_Data records:_
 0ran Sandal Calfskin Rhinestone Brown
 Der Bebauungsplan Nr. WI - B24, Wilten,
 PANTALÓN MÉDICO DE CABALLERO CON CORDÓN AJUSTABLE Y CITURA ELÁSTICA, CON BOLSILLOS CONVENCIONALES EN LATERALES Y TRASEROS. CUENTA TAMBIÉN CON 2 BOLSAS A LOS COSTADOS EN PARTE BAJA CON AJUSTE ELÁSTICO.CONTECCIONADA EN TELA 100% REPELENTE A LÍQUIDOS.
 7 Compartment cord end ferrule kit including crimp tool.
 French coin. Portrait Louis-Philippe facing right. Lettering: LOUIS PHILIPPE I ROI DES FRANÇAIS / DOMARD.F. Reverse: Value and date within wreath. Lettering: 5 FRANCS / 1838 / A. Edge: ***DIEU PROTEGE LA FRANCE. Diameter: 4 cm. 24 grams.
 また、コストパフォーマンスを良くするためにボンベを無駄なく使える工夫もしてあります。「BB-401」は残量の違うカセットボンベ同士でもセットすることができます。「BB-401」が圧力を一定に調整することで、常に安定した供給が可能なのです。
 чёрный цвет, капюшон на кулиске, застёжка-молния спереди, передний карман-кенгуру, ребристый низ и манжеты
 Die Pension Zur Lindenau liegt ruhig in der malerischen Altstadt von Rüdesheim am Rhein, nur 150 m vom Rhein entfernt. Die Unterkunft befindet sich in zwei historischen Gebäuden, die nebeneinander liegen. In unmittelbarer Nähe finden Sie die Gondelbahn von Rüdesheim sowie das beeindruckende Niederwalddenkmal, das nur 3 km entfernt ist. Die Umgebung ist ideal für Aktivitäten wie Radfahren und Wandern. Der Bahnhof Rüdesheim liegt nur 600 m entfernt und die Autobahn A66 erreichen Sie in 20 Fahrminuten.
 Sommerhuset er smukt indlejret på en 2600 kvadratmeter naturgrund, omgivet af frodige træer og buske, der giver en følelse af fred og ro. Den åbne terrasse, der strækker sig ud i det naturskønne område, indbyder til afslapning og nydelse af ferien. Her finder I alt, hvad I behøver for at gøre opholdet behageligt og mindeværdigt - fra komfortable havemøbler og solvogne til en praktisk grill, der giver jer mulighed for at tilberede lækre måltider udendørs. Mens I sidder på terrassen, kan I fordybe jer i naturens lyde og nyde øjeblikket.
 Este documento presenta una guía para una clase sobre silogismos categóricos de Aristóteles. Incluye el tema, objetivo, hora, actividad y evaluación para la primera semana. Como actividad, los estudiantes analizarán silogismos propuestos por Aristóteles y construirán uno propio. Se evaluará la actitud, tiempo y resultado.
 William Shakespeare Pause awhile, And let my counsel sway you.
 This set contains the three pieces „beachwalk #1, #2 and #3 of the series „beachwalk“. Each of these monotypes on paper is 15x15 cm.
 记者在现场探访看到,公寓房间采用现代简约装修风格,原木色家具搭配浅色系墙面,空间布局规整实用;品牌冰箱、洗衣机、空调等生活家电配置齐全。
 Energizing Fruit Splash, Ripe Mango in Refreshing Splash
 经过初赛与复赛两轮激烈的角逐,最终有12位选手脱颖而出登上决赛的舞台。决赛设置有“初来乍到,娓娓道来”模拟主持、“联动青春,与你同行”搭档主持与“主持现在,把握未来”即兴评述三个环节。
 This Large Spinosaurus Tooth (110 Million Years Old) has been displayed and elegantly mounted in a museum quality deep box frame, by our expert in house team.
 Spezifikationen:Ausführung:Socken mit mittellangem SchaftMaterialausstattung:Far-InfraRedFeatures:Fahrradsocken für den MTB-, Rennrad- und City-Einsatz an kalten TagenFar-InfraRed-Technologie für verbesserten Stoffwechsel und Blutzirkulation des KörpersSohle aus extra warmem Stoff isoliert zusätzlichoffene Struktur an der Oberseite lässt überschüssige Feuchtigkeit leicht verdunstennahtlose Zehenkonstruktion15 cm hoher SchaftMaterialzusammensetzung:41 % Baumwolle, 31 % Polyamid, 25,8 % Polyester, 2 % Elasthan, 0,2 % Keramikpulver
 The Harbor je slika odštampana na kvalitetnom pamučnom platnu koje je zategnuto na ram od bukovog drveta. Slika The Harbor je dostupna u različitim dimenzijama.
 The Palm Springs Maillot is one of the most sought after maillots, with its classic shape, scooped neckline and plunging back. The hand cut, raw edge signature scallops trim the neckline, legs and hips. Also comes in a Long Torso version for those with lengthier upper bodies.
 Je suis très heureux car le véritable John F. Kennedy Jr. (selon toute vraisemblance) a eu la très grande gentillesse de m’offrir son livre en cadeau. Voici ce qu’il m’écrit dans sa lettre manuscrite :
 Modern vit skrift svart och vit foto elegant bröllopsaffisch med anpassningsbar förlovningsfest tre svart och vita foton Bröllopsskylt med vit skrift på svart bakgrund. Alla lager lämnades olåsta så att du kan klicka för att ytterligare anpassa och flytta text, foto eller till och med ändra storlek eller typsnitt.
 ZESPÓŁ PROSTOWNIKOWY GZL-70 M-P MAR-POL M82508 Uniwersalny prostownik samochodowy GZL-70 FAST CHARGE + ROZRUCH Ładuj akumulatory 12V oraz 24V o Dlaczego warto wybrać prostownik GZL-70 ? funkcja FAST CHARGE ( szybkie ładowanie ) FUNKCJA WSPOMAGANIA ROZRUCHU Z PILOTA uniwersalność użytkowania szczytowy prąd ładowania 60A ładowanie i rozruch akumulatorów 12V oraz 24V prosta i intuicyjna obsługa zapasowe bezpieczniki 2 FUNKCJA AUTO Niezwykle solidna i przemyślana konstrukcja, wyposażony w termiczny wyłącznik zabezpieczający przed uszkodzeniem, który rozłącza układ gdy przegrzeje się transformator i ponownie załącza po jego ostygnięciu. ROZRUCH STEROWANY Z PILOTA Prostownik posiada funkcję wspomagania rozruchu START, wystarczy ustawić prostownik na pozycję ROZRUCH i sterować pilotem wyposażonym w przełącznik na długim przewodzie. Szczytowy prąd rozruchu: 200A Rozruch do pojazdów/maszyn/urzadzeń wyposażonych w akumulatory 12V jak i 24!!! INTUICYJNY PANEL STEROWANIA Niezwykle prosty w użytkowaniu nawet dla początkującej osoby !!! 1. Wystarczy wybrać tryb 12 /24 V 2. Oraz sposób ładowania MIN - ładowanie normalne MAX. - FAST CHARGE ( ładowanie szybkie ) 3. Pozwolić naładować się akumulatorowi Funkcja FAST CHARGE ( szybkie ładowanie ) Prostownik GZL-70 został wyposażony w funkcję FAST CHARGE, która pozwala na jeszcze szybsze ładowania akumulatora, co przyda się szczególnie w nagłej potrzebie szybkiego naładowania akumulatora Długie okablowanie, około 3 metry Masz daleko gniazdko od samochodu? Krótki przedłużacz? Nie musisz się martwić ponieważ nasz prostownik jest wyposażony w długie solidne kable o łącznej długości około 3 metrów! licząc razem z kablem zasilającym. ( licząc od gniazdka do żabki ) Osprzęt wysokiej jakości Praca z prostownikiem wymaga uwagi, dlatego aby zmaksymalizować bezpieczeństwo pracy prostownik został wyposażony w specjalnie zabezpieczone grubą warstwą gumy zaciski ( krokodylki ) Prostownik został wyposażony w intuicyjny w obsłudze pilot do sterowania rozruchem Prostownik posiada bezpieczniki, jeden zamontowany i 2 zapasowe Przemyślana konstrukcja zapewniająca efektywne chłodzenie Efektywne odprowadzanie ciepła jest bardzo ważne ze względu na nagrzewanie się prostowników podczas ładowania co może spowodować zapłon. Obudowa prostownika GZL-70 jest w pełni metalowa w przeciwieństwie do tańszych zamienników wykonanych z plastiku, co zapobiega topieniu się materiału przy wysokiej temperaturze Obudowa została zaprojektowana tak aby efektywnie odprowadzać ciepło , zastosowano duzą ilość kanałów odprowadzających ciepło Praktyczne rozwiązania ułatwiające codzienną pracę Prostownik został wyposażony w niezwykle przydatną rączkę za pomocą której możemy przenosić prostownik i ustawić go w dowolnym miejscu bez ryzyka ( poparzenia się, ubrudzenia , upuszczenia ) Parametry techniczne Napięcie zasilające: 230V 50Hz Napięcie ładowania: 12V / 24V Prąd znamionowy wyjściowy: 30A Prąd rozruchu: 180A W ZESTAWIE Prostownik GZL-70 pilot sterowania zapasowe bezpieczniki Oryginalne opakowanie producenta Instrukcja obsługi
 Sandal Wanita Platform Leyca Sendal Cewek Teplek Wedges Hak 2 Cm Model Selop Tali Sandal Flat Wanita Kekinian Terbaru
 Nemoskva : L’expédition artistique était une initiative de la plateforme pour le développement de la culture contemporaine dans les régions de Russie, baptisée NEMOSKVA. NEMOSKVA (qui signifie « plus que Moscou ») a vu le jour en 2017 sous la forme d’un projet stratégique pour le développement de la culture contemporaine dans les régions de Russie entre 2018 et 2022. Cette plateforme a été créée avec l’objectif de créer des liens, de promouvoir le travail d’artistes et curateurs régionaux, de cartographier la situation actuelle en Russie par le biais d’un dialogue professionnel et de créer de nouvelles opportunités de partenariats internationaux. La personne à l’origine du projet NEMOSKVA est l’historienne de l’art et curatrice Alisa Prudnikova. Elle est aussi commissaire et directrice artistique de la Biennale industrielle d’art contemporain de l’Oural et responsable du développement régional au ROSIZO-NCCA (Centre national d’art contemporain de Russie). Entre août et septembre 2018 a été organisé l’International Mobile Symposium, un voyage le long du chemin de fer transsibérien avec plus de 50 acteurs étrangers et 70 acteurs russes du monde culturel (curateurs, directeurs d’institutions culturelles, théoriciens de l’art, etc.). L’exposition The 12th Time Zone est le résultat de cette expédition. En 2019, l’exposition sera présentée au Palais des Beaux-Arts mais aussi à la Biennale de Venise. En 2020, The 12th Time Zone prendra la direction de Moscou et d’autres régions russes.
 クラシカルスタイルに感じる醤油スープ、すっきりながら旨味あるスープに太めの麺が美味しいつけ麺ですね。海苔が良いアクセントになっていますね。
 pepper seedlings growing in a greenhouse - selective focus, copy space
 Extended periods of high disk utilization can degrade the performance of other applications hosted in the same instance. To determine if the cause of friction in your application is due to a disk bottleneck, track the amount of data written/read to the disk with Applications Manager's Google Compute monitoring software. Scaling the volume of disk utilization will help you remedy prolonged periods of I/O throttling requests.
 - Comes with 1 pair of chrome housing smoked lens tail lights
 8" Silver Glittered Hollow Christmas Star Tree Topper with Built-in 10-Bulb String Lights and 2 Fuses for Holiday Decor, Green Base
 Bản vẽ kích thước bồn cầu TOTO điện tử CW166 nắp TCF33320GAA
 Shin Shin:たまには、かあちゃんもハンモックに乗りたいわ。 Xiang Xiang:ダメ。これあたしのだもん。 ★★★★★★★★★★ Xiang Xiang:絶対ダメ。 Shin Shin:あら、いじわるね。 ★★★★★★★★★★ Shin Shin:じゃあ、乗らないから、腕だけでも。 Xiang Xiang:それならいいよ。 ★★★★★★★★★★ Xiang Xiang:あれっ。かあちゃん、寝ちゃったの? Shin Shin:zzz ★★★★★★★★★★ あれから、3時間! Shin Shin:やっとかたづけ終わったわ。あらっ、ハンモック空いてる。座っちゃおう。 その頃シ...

_What to do:_
The expected output is every line of the records in which the string "This" appears.

_Output:_
 This set contains the three pieces „beachwalk #1, #2 and #3 of the series „beachwalk“. Each of these monotypes on paper is 15x15 cm.
 This Large Spinosaurus Tooth (110 Million Years Old) has been displayed and elegantly mounted in a museum quality deep box frame, by our expert in house team.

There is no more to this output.